Tanaman ini memiliki penyebaran yang sangat luas dari pinggir pantai sampai dataran tinggi,
karena inilah nepenthes dibagi dalam dua jenis yaitu jenis dataran tinggi dan jenis dataran
rendah, walau kebanyakan spesies tumbuh di dataran tinggi. Spesies yang tercatat tumbuh
di ketinggian paling tinggi adalah N. lamii yaitu di ketinggian 3,520 m.
Kebanyakan spesies tumbuh di tempat dengan kelembaban tinggi dan cahaya dengan tingkat
menengah hingga tinggi. Beberapa spesies seperti N. ampullaria tumbuh di tempat yang
teduh dengan tidak terlalu banyak cahaya, sedangkan N. mirabilis tumbuh ditempat yang
terbuka dengan cahaya yang berlimpah. Tanah tempat tumbuh nepenthes biasanya miskin
hara dan asam. Beberapa spesies tumbuh di tempat yang sangat beracun bagi tanaman lain
seperti N. rajah yang tumbuh pada tanah dengan kandungan logam berat dan N.
albomarginata yang tumbuh pada pantai berpasir di zona yang terkena siraman air laut,
beberapa spesies tumbuh epifit seperti N. inermis yang tumbuh tanpa bersentuhan dengan
tanah.
CENDANA
Cendana, atau cendana wangi, merupakan pohon penghasil kayu cendana dan minyak cendana.
Kayunya digunakan sebagai rempah-rempah, bahan dupa, aromaterapi, campuran parfum, serta
sangkur keris (warangka). Kayu yang baik bisa menyimpan aromanya selama berabad-abad.
Konon di Sri Lanka kayu ini digunakan untuk membalsam jenazah putri-putri raja sejak abad ke9. Di Indonesia, kayu ini banyak ditemukan di Nusa Tenggara Timur, khususnya di Pulau Timor,
meskipun sekarang ditemukan pula di Pulau Jawa dan pulau-pulau Nusa Tenggara lainnya.

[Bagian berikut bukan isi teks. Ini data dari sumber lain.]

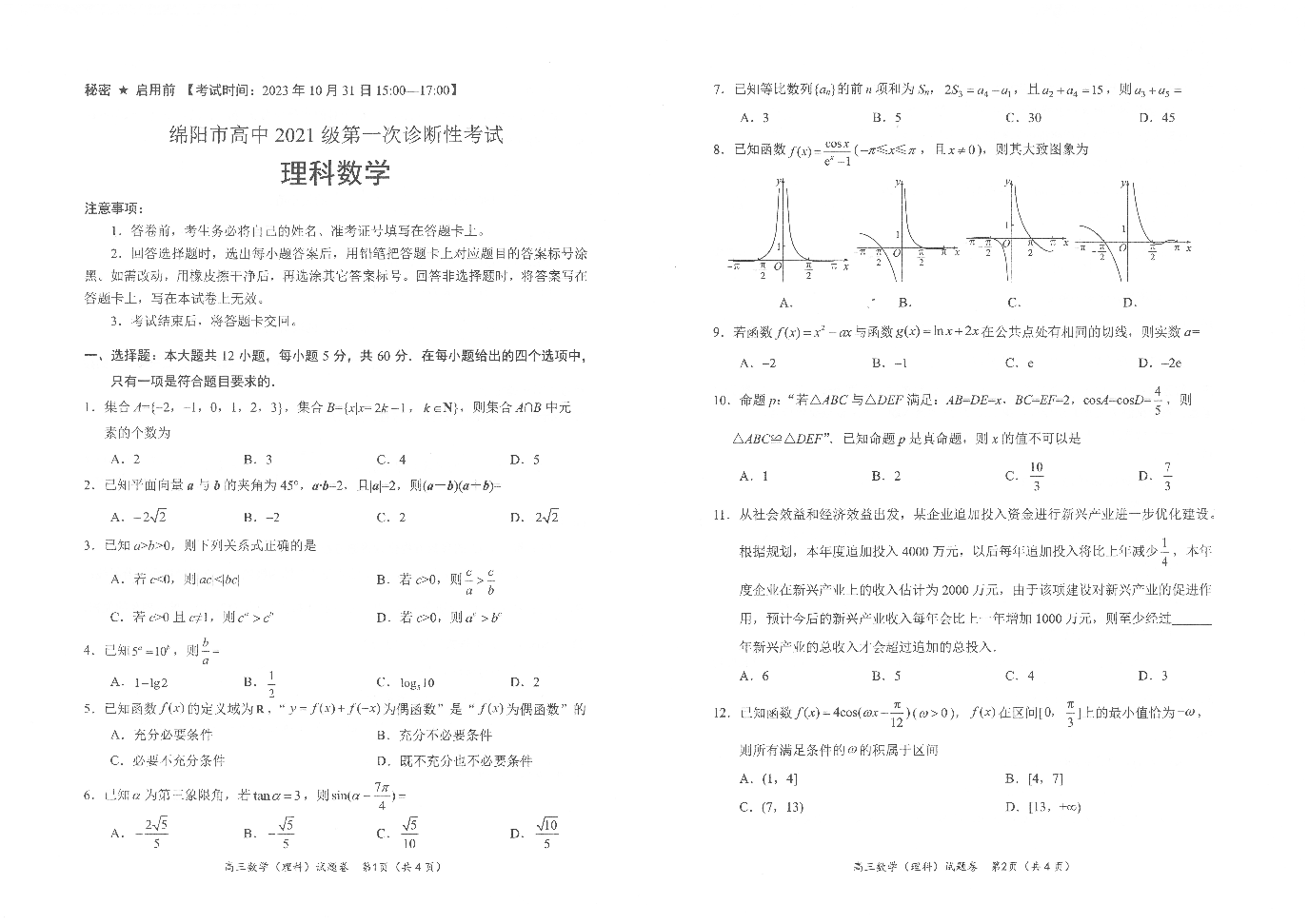 四川省绵阳市2024届高三上学期第一次诊断性考试理科数学

Cendana adalah tumbuhan parasit pada awal kehidupannya. Kecambahnya memerlukan pohon
inang untuk mendukung pertumbuhannya, karena perakarannya sendiri tidak sanggup
mendukung kehidupannya. Karena prasyarat inilah cendana sukar dikembangbiakkan atau
dibudidayakan.[2]
Kayu cendana wangi (Santalum album) kini sangat langka dan harganya sangat mahal. Kayu
yang berasal dari daerah Mysoram di India selatan biasanya dianggap yang paling bagus
kualitasnya. Di Indonesia, kayu cendana dari Timor juga sangat dihargai. Sebagai gantinya
sejumlah pakar aromaterapi dan parfum menggunakan kayu cendana jenggi (Santalum
spicatum). Kedua jenis kayu ini berbeda konsentrasi bahan kimia yang dikandungnya, dan oleh
karena itu kadar harumnya pun berbeda.
Kayu cendana dianggap sebagai obat alternatif untuk membawa orang lebih dekat kepada Tuhan.
Minyak dasar kayu cendana, yang sangat mahal dalam bentuknya yang murni, digunakan
terutama untuk penyembuhan cara Ayurveda, dan untuk menghilangkan rasa cemas.